Data entries:
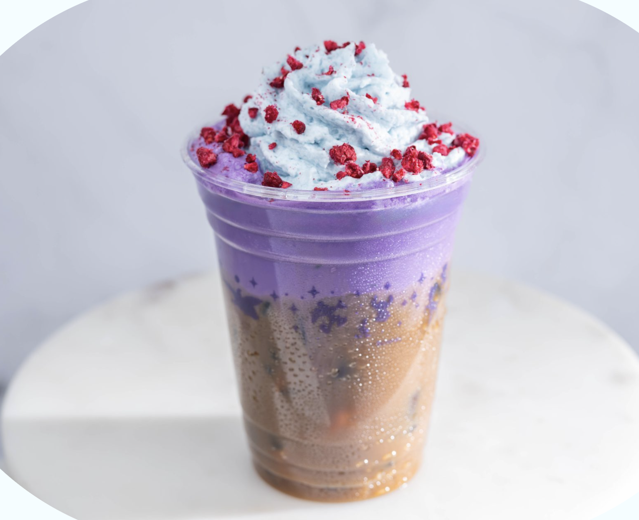 The Ube Cold Brew is one of the flavors at Disney’s Animal Kingdom, and you can grab it at Satu’li Canteen. This is made with Joffrey’s Cold Brew Coffee, ube sweet cream, butterfly pea tea whipped topping, and freeze-dried raspberries.
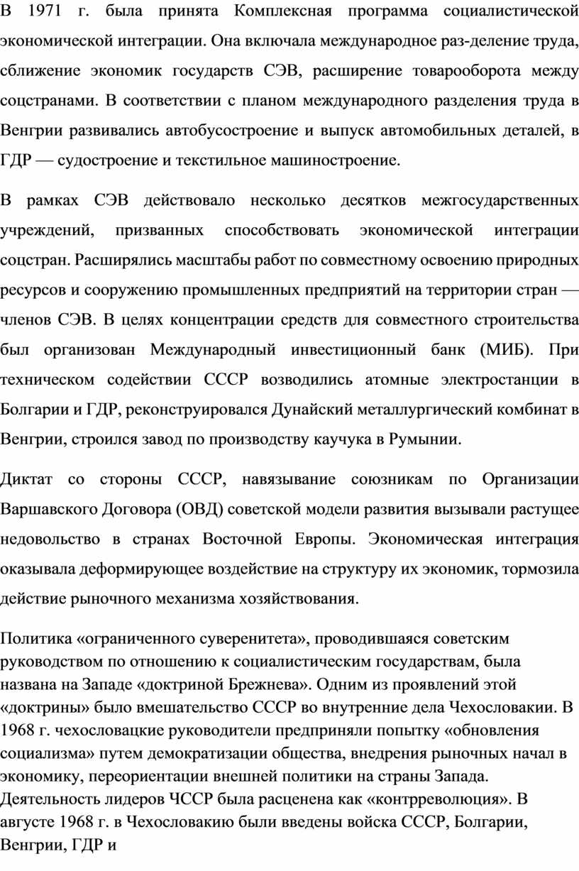 В 1971 г. была принята Комплексная программа социалистической экономической интеграции. Она включала международное раз-деление труда, сближение экономик государств СЭВ, расширение товарооборота между соцстранами. В соответствии с планом международного разделения труда в Венгрии развивались автобусостроение и выпуск автомобильных деталей, в ГДР — судостроение и текстильное машиностроение.
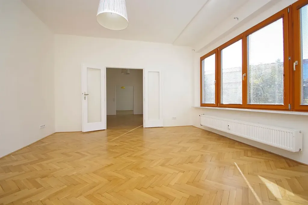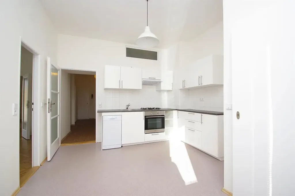 Prostorný byt 3+1 (2 ložnice, 1 koupelna), o ploše 91m2, je situován v 1. patře dobře udržované budovy bez výtahu, v klidné rezidenční lokalitě Praha 10 Vršovice, ulice Volyňská.
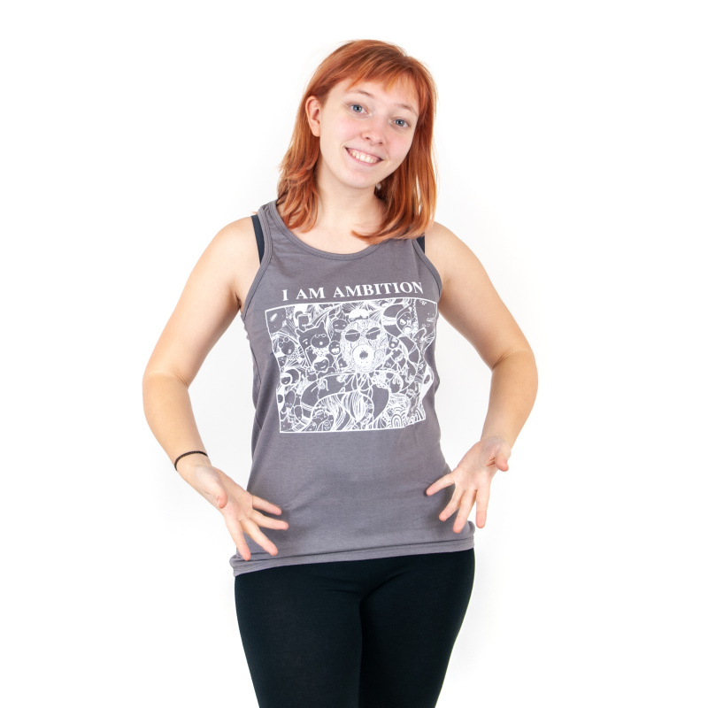 Dámské tílko s potiskem a pozitivní mantrou I AM AMBITION v šedé barvě, velikost M
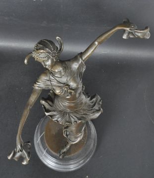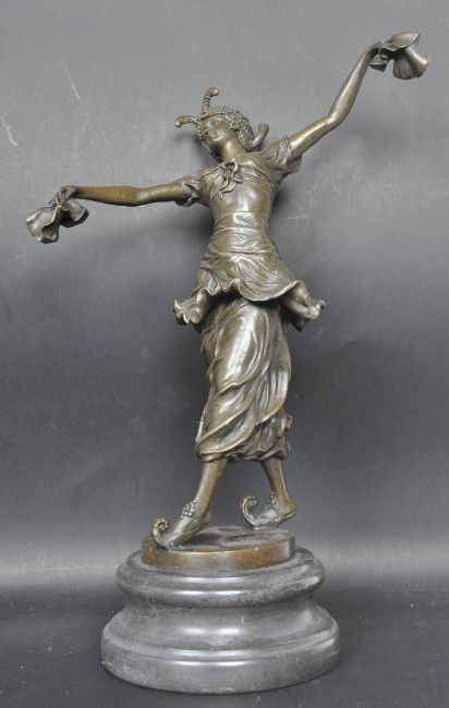 A vintage style bronze figurine of a dancing girl on a stepped marble base.The figure having a headdress, handkerchiefs in her hands and crakow type shoes. Makers stamp to the base. Measures 41cm tall.
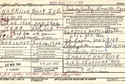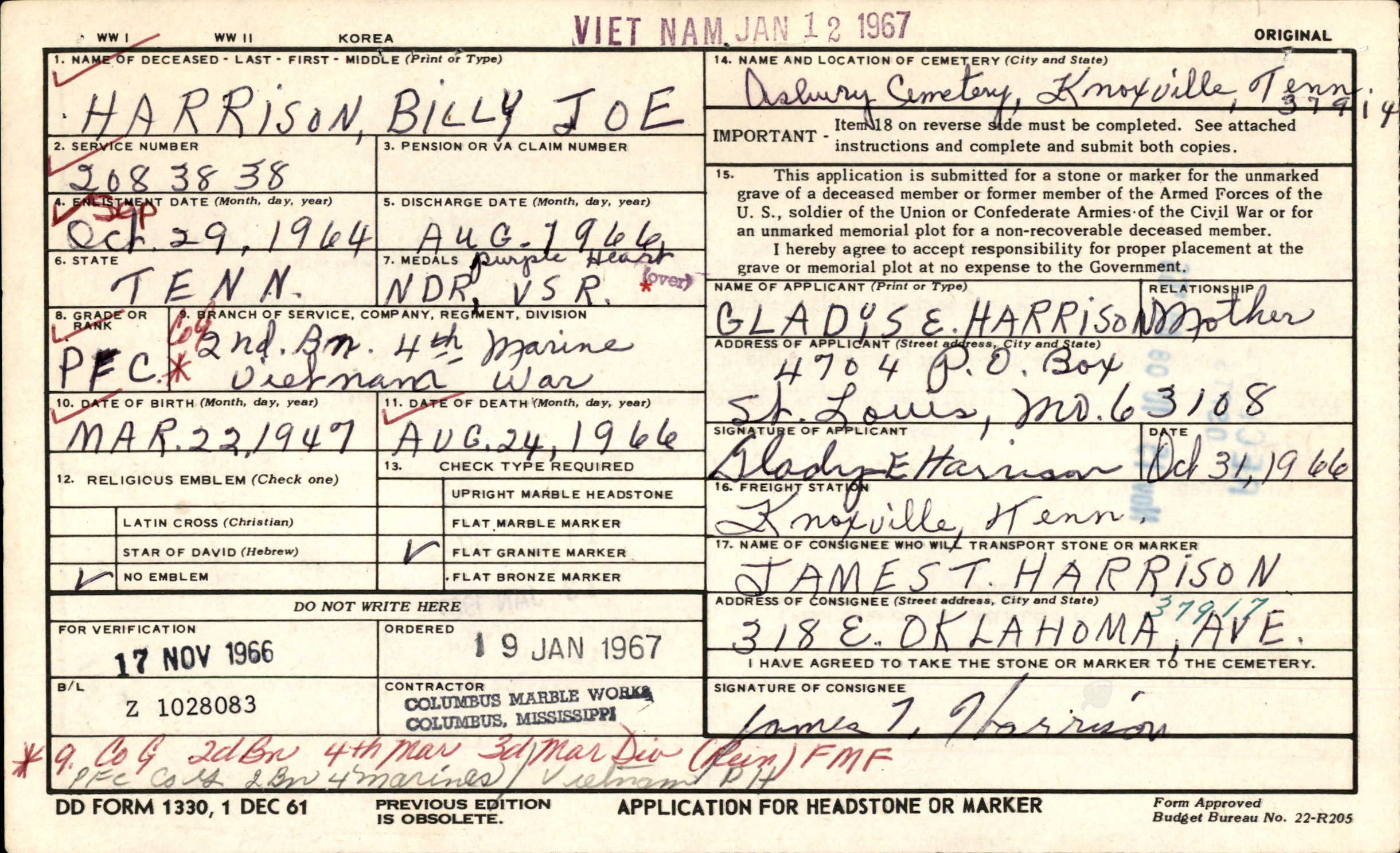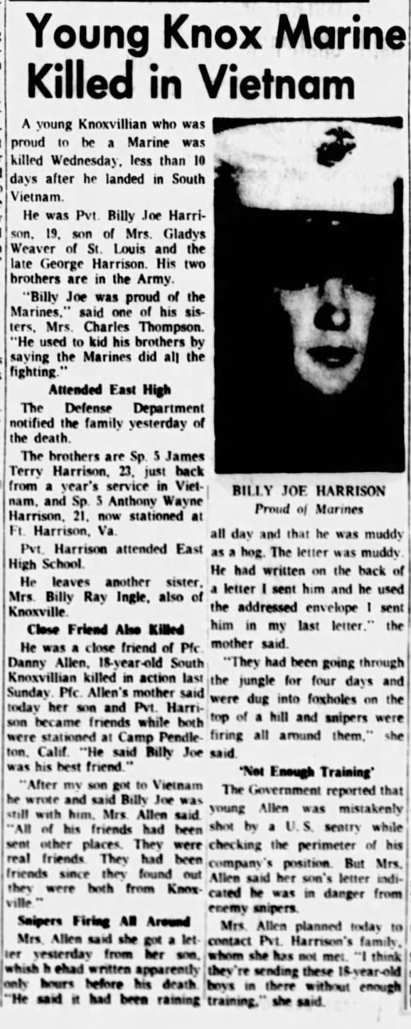 A young Knoxvillian who was proud to be a Marine was killed Wednesday, less than 10 days after he landed in South Vietnam. He was Pvt. Billy Joe Harrison, 19, son of Mrs. Gladys Weaver of St. Louis and the late George Harrison. His two brothers are in the Army. “Billy Joe was proud of the Marines,” said one of his sisters, Mrs. Charles Thompson. “He used to kid his brothers by saying the Marines did all of the fighting.”
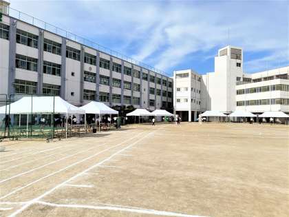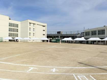 朝早くから、係生徒がテント設営をしてくれて体育大会の準備が完了しました。
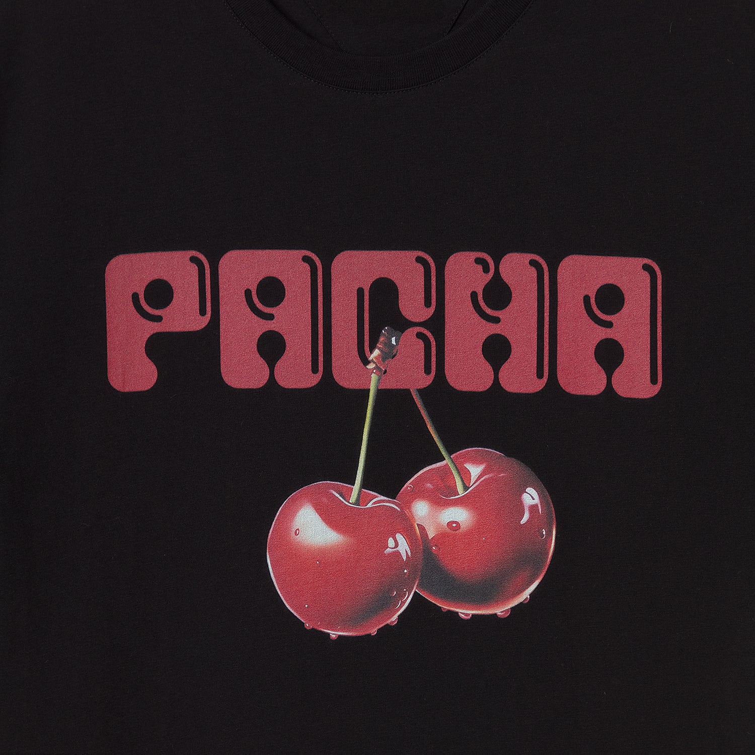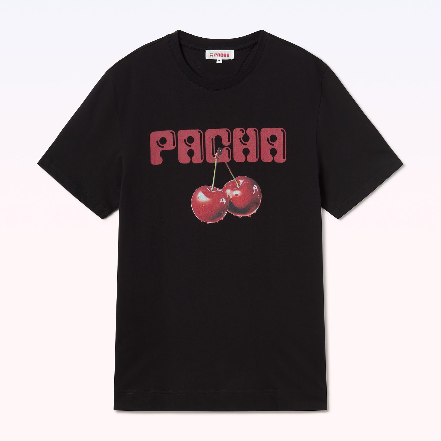 La Camiseta Real Cherry Club rinde homenaje al icónico logo Pacha con un twist contemporáneo: dos cerezas hiperrealistas que se roban la mirada, sobre una base negra que nunca falla.

What is expected: The reply has to reproduce every line above verbatim and contain no pictures.

Your response:
 The Ube Cold Brew is one of the flavors at Disney’s Animal Kingdom, and you can grab it at Satu’li Canteen. This is made with Joffrey’s Cold Brew Coffee, ube sweet cream, butterfly pea tea whipped topping, and freeze-dried raspberries.
 В 1971 г. была принята Комплексная программа социалистической экономической интеграции. Она включала международное раз-деление труда, сближение экономик государств СЭВ, расширение товарооборота между соцстранами. В соответствии с планом международного разделения труда в Венгрии развивались автобусостроение и выпуск автомобильных деталей, в ГДР — судостроение и текстильное машиностроение.
 Prostorný byt 3+1 (2 ložnice, 1 koupelna), o ploše 91m2, je situován v 1. patře dobře udržované budovy bez výtahu, v klidné rezidenční lokalitě Praha 10 Vršovice, ulice Volyňská.
 Dámské tílko s potiskem a pozitivní mantrou I AM AMBITION v šedé barvě, velikost M
 A vintage style bronze figurine of a dancing girl on a stepped marble base.The figure having a headdress, handkerchiefs in her hands and crakow type shoes. Makers stamp to the base. Measures 41cm tall.
 A young Knoxvillian who was proud to be a Marine was killed Wednesday, less than 10 days after he landed in South Vietnam. He was Pvt. Billy Joe Harrison, 19, son of Mrs. Gladys Weaver of St. Louis and the late George Harrison. His two brothers are in the Army. “Billy Joe was proud of the Marines,” said one of his sisters, Mrs. Charles Thompson. “He used to kid his brothers by saying the Marines did all of the fighting.”
 朝早くから、係生徒がテント設営をしてくれて体育大会の準備が完了しました。
 La Camiseta Real Cherry Club rinde homenaje al icónico logo Pacha con un twist contemporáneo: dos cerezas hiperrealistas que se roban la mirada, sobre una base negra que nunca falla.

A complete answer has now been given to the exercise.